Baseball Crank
Covering the Front and Back Pages of the Newspaper
August 2, 2005
BASEBALL: Famous Last Words

I have never intentionally used steroids. Never. Ever. Period, . . . Ultimately, although I never intentionally put a banned substance into my body, the independent arbitrator ruled that I had to be suspended under the terms of the program.

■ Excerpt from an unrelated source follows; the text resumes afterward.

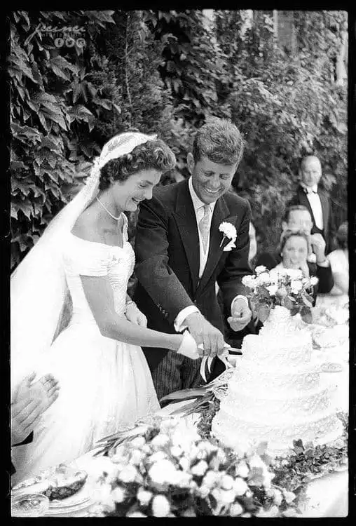 Жаклин Кеннеди и Джон Кеннеди разрезают торт на собственной свадьбе. Ньюпорт, Род-Айленд. 12 сентября 1953 года.

Perhaps, in retrospect, the denial under oath before Congress was a bad idea. On the other hand, Bill Simmons looks like a prophet for writing this last week:

The current era of juiced balls, ravaged pitching staffs and a drug program best described as "Um, you guys shouldn't do that stuff" has rendered everything else irrelevant.

As Palmeiro closed in on the 3,000-hit/500-HR club last week, the media swirl had a guess-we-have-to-cover-this feel, almost like when Ryan Seacrest got a star on Hollywood Boulevard. That's no knock on Raffy . . .

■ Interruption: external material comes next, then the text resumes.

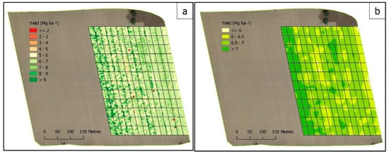 The yield map used for the quantitative analysis is shown in Figure 6a, while the generalized version used only for visual analysis purposes is shown in Figure 6b. The three treatments did not differ significantly for total yield (Table 2) and no relationship was found between the N rate and yield (R2 = 0.087). Similarly, no correlation was found between N treatments and protein content (R2 = 0.001). However, the slight difference in protein content observed between Flat-N and Var-N-low (Table 2) was statistically significant (p = 0.02) even though it was not agronomically relevant. Finally, grain yield was weakly correlated to NDVI at any time of NDVI measurements (Table 3).

Please note: I'm not accusing Palmeiro of anything. He was at the right place at the perfect time, just like Judd Nelson peaking when over-the-top performances in enjoyably cheesy movies were all the rage. Whether either guy needed drugs to complete the effect is beside the point. . .

POSSIBLY UNRELATED NEWS STORY: Barry Bonds will not play this season.

UPDATE: If you like, you can take this survey on steroids and Palmeiro.

Posted by Baseball Crank at 9:10 AM | Baseball 2005 | Comments (6) | TrackBack (1)
Comments

I refuse to make a Viagra joke. I also think it shows that newer generations of steroids has made them more subtle, and therefore, more dangerous, both for the user and the integrity of sports.

When you look at guys like Big Mac, Sosa, Bonds, and I want to add Clemens to the list too. These are all big guys who got a lot bigger. In Bonds' case, it was ridiciulous, as he was a Hall lock even before 2000.

Everyone comments on how steroids makes you bigger, lets you train harder, lets you recover faster. However, one other affect, the most important one in sports, is that it makes you FASTER. I would guess that Palmeiro benefited from that side effect, since he is not bulked out.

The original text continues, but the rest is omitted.